We have no bigger fear than ourselves. And something is wrong, I think, when it is the worst torture to sit quietly alone. But that is all you have to do to reduce people in our world: just force them to be alone with themselves.

In isolation, everything we hold back comes to the surface. The unknown becomes the known. The unconscious becomes the conscious.

People think there is silence in isolation, but that is wrong. It is the opposite. To be alone means noise, din, and disharmony. In the silence comes all of the things that we normally try to suppress.

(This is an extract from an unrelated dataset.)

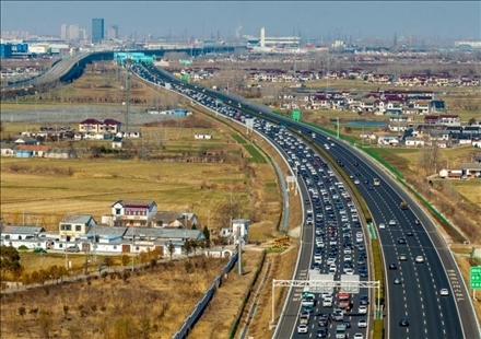 春節(jié)假期臨近尾聲,各地迎來(lái)返程高峰。圖為車輛行駛在京滬高速江蘇省淮安市淮安區(qū)境內(nèi)。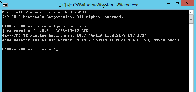 이후 java - version 명령어 사용하여 확인하니

Being alone is painful. But it teaches you. And there is a strange wisdom to that: that in only being alone with ourselves, and sincere, we can learn everything that is of value.

Back to School

When you graduate from some place—move up or move on—you take your memories from there and you put them in a special place in your head. From there you reminisce, you recall. That place is interesting because you get this odd sense from it—this sense that everything from there is still going, somehow suspended. That there is this parallel world in which, you figure, things previous are still happening, still proceeding.

I went back to school today. I went in the morning and sort of wandered about. Everything there brought me back, made me return by association. The whole place dripped with memory.

What motivated me to return to school? I don’t know. A sense of incompleteness, I guess. I don’t know if you’ve ever experienced it. What I want is a reunion: but I don’t know if I’m going to get one.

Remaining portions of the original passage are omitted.